[TASK INSTRUCTIONS]: When the listing below reaches the line that has "Supermiękki, ciężki T-shirt", start reproducing exactly; stop after the line that has "Rasasi Shuhrah Boisée", and drop the pictures.

[EXERCISE DATA]:
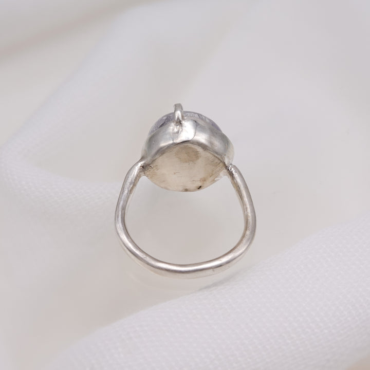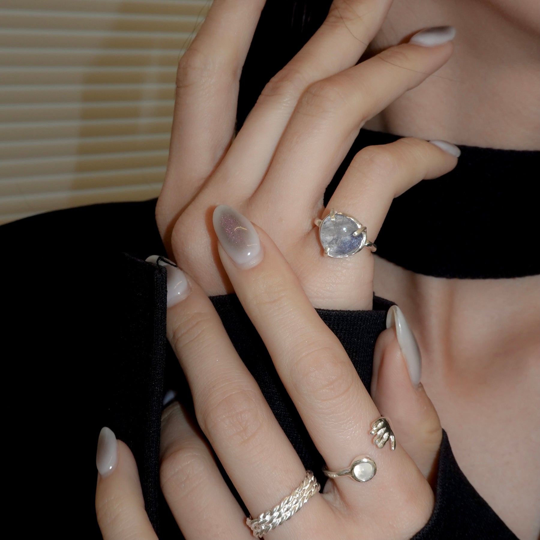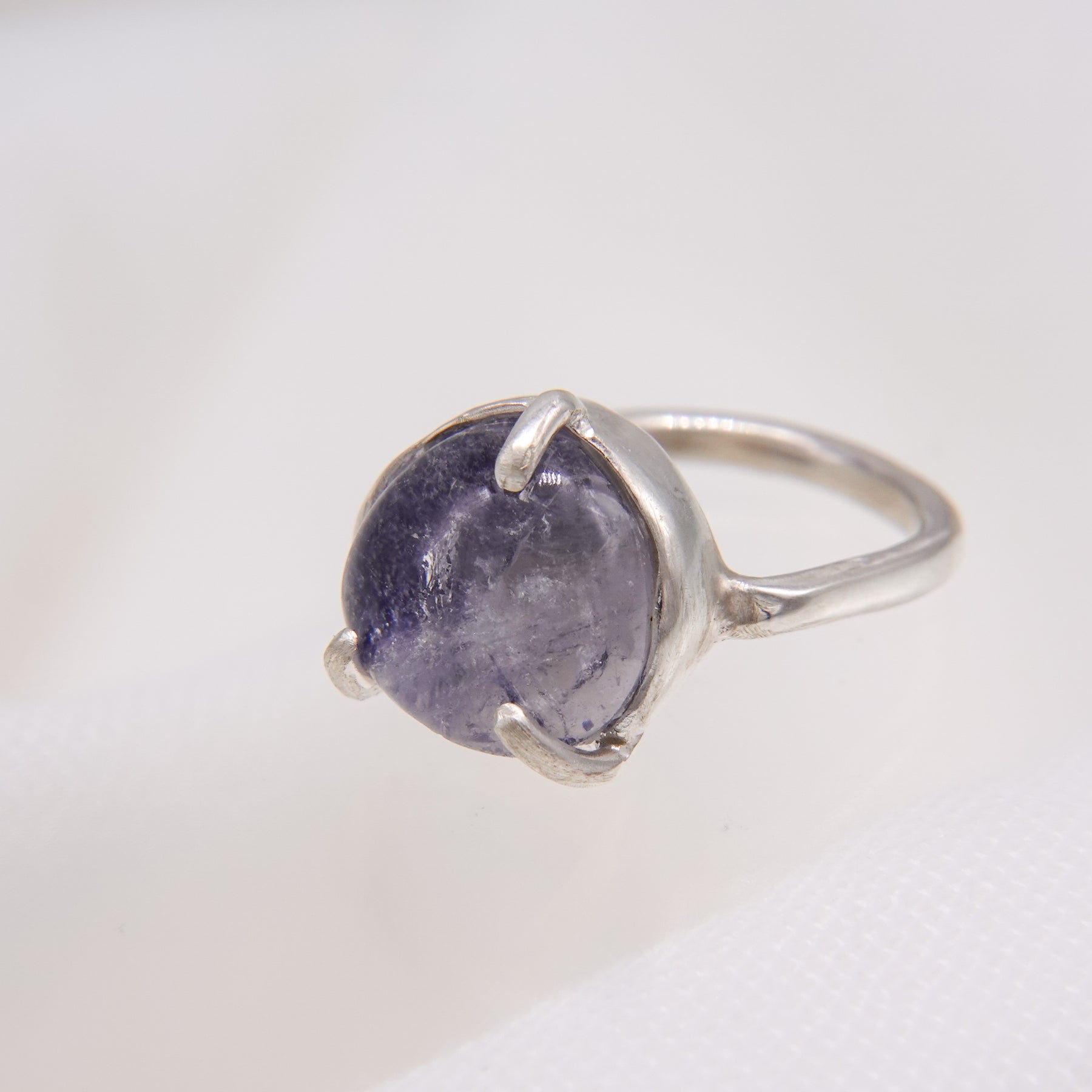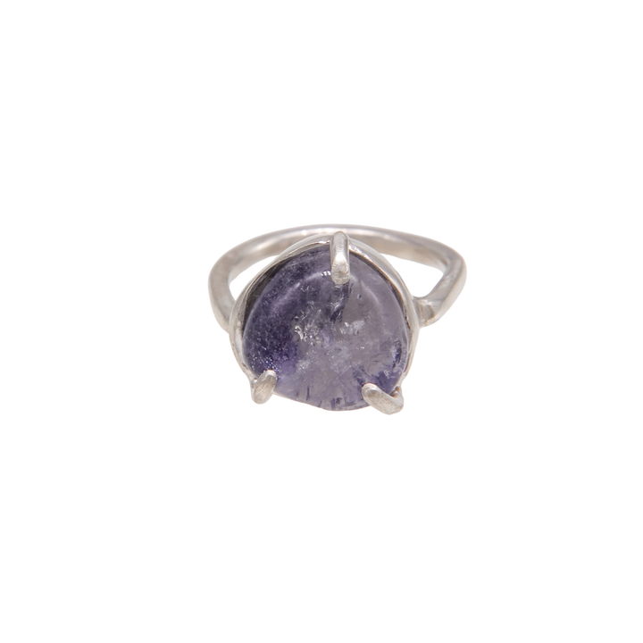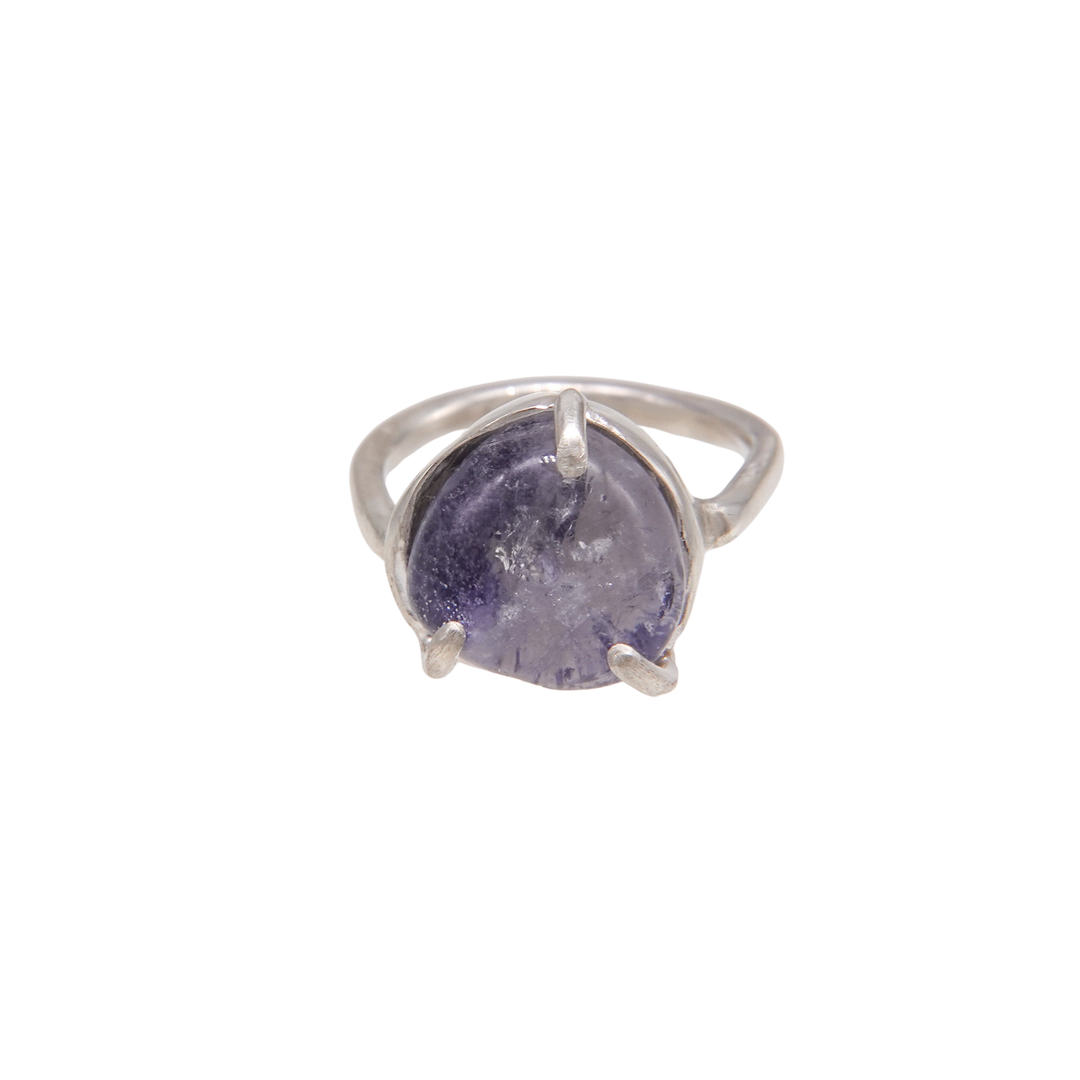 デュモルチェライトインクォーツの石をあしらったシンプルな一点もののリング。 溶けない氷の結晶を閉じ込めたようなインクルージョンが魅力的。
...
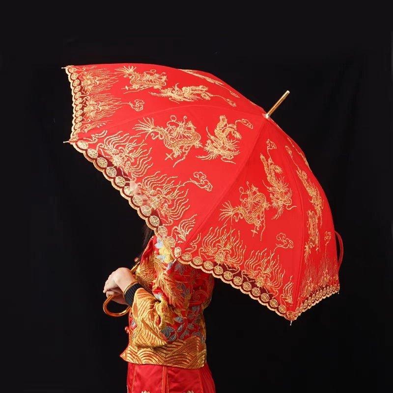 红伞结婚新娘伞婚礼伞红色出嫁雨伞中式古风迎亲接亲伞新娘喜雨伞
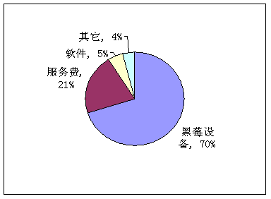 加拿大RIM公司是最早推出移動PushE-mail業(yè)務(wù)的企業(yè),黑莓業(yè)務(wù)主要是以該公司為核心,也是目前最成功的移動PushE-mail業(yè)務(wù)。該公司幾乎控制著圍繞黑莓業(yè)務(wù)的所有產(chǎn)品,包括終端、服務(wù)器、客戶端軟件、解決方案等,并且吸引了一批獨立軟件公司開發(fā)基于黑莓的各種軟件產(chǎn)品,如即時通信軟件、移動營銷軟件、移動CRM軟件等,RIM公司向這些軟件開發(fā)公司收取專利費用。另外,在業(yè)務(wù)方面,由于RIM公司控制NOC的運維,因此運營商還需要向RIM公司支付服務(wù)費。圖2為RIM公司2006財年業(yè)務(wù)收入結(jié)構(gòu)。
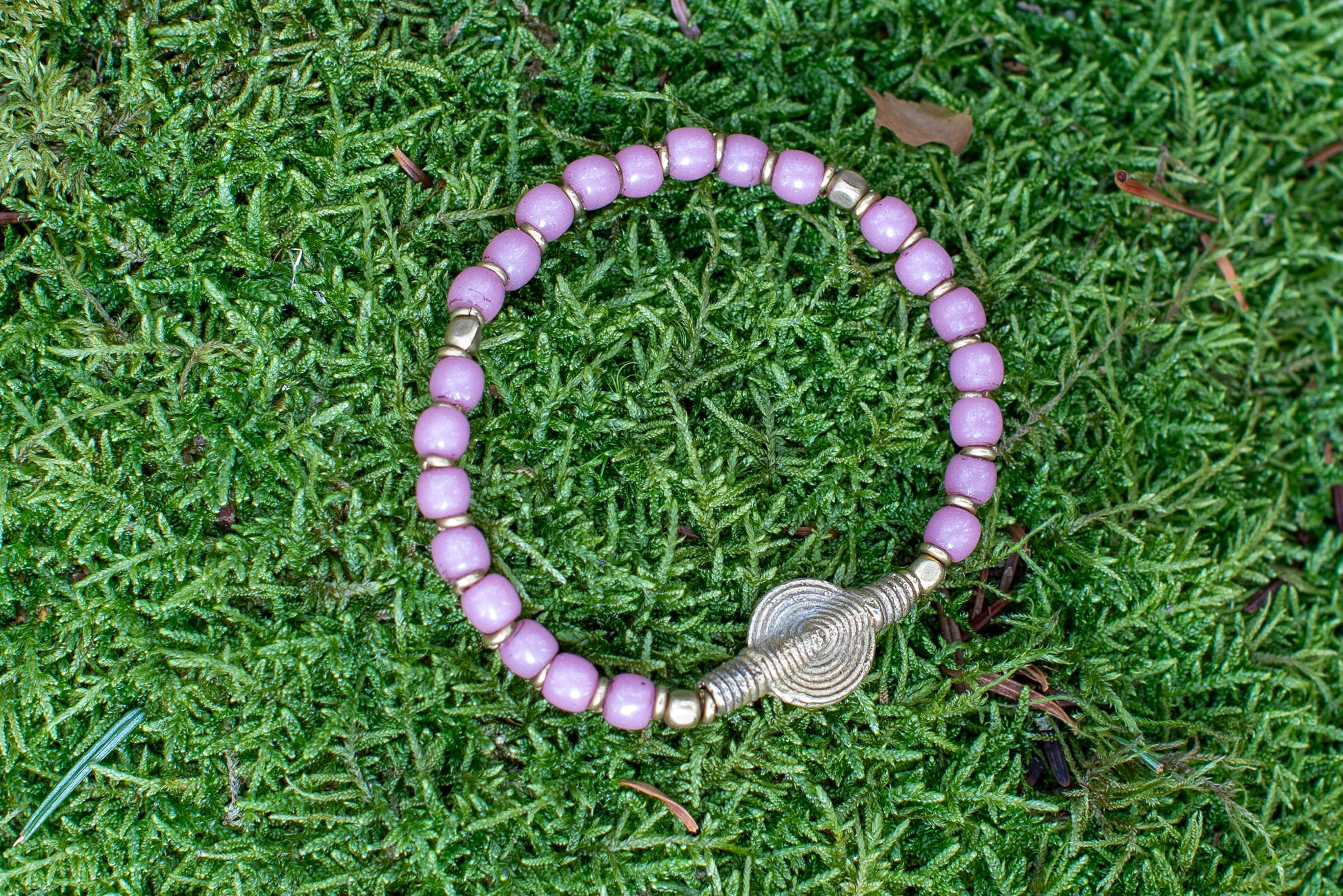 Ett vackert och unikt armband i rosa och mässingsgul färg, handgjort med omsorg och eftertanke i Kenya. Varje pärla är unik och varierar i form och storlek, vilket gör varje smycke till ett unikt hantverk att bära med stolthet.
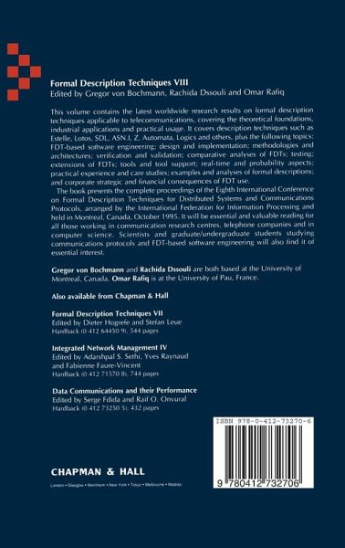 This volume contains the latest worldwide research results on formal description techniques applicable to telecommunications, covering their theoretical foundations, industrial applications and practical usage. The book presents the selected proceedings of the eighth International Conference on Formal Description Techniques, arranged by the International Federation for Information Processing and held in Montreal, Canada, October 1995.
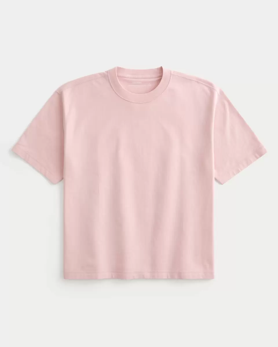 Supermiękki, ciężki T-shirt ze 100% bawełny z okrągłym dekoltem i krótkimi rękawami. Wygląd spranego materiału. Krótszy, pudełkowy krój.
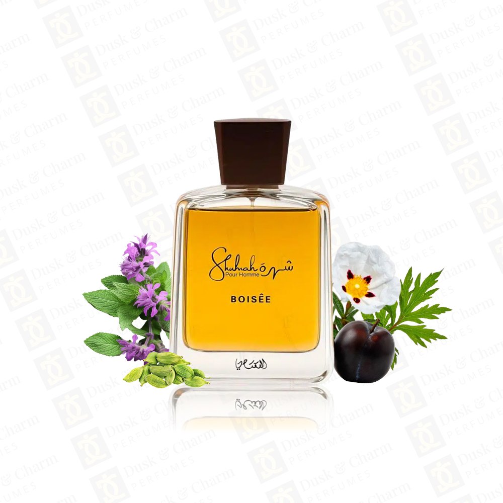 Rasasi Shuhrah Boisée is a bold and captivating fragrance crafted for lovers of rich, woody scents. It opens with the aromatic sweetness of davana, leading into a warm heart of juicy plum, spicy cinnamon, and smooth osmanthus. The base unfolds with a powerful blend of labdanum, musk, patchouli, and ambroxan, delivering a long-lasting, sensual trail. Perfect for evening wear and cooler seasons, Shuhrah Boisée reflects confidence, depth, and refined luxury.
--
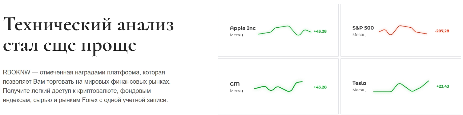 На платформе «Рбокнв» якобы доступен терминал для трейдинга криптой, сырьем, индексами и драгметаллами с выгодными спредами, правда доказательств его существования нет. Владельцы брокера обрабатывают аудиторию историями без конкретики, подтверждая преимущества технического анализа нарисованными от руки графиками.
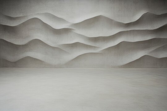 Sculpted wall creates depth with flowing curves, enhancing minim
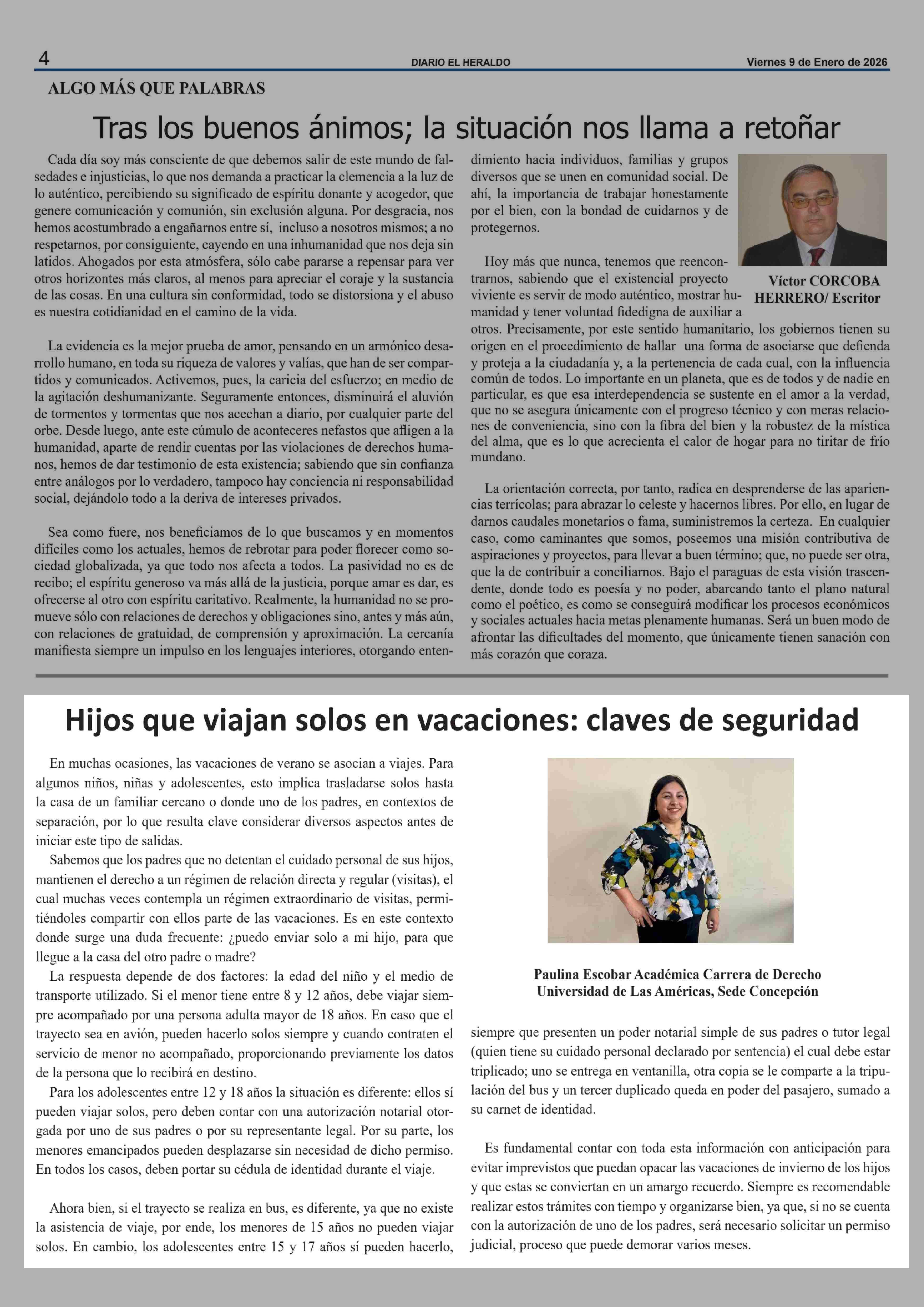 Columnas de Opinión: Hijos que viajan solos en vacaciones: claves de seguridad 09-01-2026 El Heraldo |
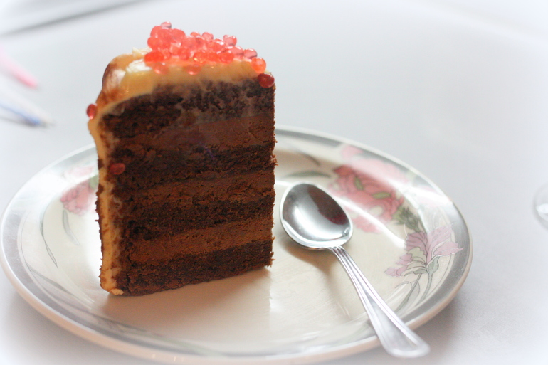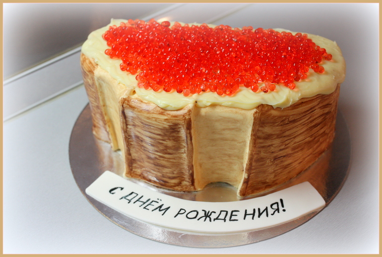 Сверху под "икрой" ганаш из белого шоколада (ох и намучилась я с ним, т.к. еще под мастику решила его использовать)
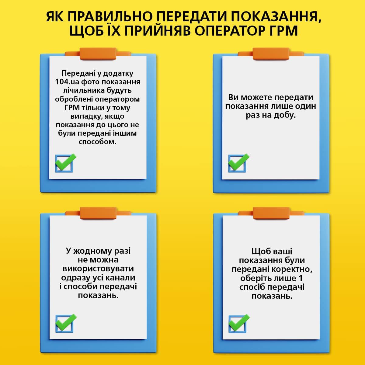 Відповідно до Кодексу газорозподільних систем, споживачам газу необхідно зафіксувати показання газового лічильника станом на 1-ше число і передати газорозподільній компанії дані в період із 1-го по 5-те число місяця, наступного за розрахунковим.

[COMPLETED EXERCISE]:
 Supermiękki, ciężki T-shirt ze 100% bawełny z okrągłym dekoltem i krótkimi rękawami. Wygląd spranego materiału. Krótszy, pudełkowy krój.
 Rasasi Shuhrah Boisée is a bold and captivating fragrance crafted for lovers of rich, woody scents. It opens with the aromatic sweetness of davana, leading into a warm heart of juicy plum, spicy cinnamon, and smooth osmanthus. The base unfolds with a powerful blend of labdanum, musk, patchouli, and ambroxan, delivering a long-lasting, sensual trail. Perfect for evening wear and cooler seasons, Shuhrah Boisée reflects confidence, depth, and refined luxury.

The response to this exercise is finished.